Exercise data
------------------------------------------------
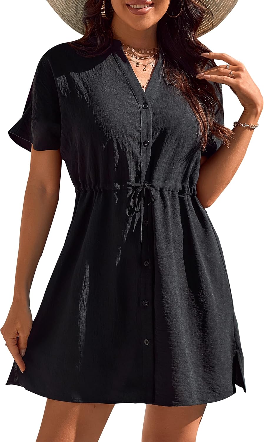Blooming Jelly Women’s Swimsuit Cover Ups Button Down Bathing Suit Coverups Bikini Beach Dress for Swimwear
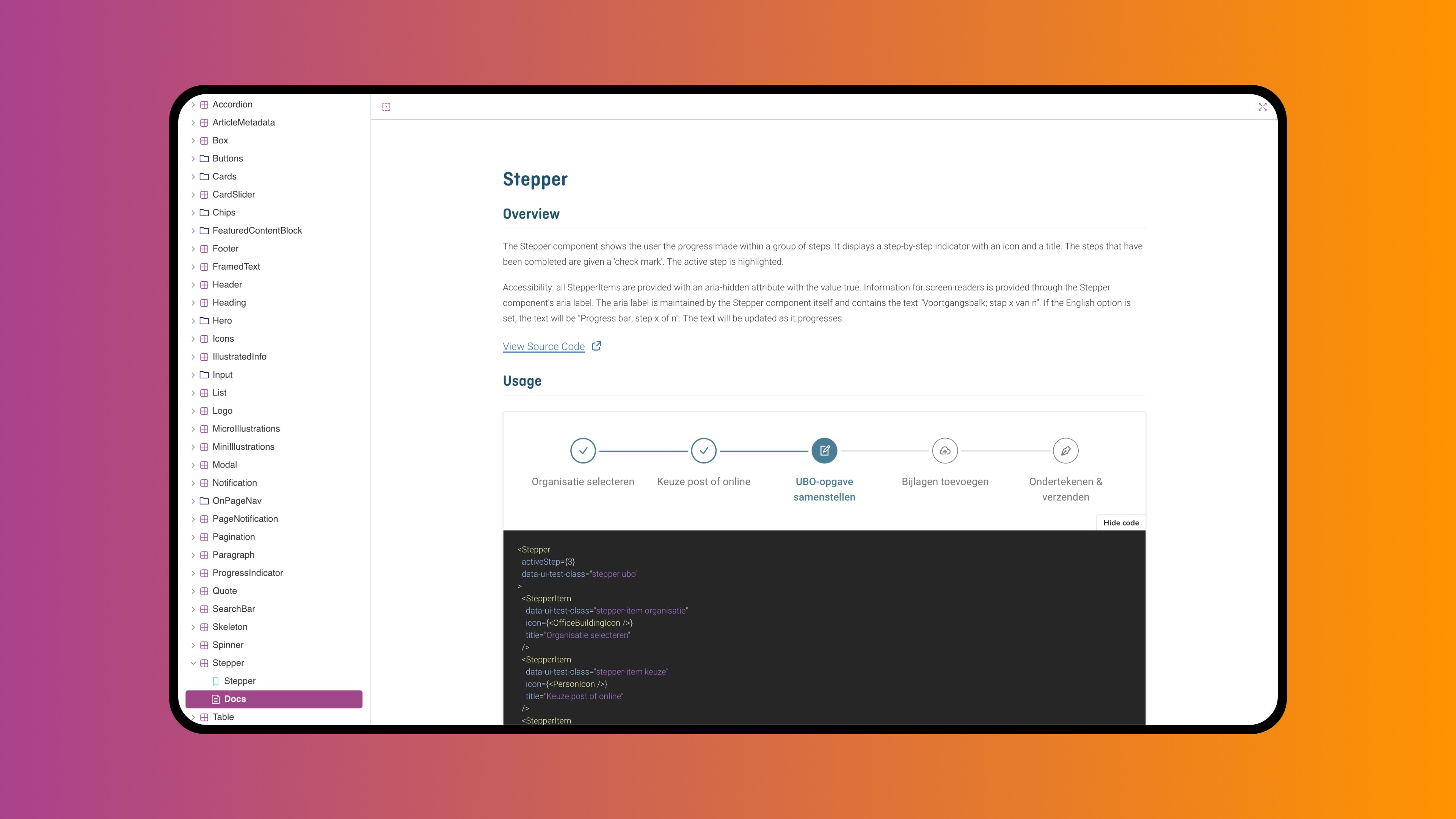 Design system documentation in Storybook
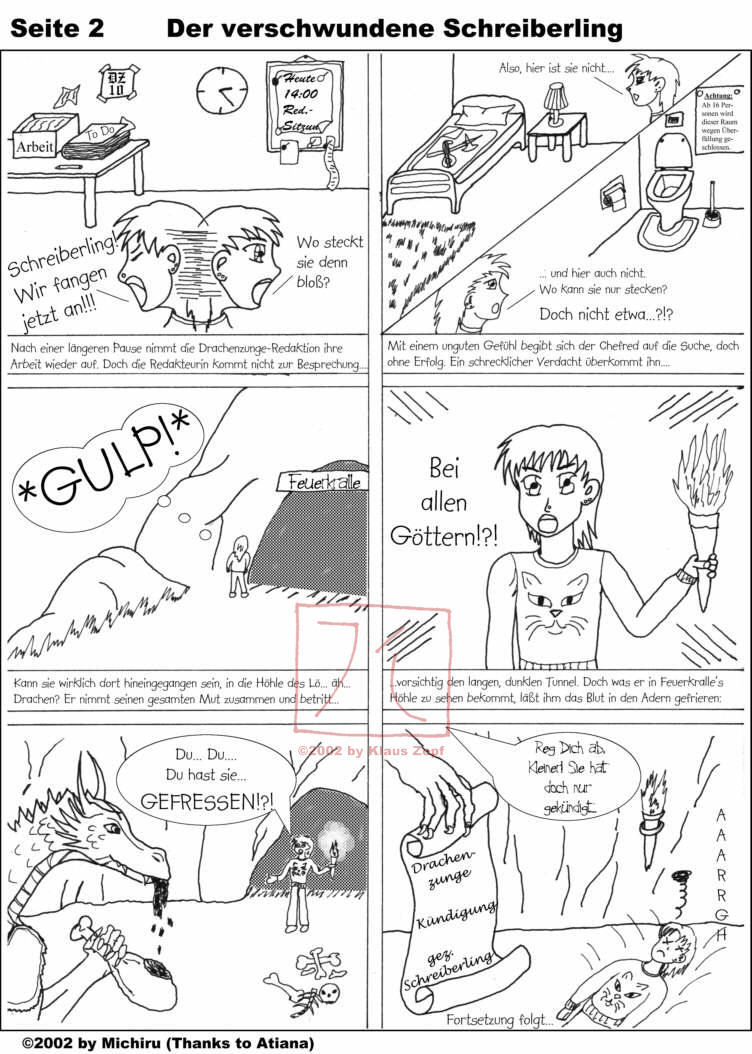 All who can read German, please enjoy. The story is about the club-magazine "Die Drachenzunge" ("Dragon's tongue" featuring the dragon "Feuerkralle" - "Fireclaw" - as kind of boss) of our old roleplaying-club "Helle Barden".
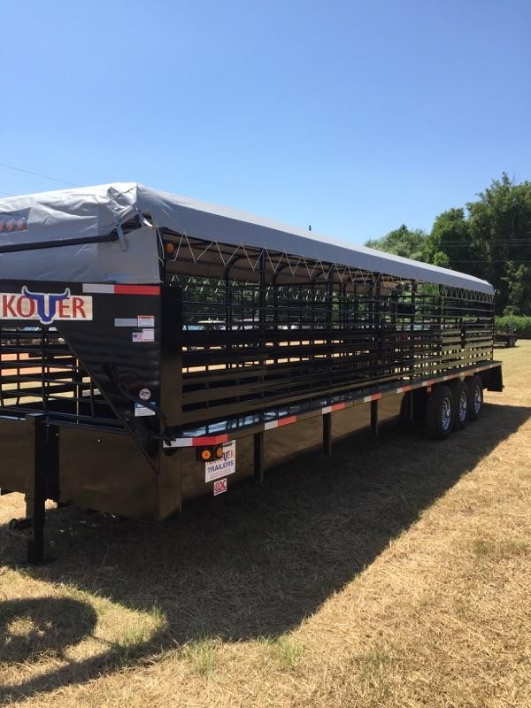 New 2015 Neckover 6.8 x 32 gooseneck stock trailer Has channel neck , full escape door , tubing sides, extra runners, rubber cleated floor, has 2 cut gates 12/12/8 butterfly rear gates ,3 -7000 pound torsion axles , spare tire , LED Lights, 3 inch rear bumper.
------------------------------------------------
What to produce
Please give again, exactly and only, the lines from the top of the listing above through the line that has "Design system documentation in Storybook", with pictures left out.

Your response
Blooming Jelly Women’s Swimsuit Cover Ups Button Down Bathing Suit Coverups Bikini Beach Dress for Swimwear
 Design system documentation in Storybook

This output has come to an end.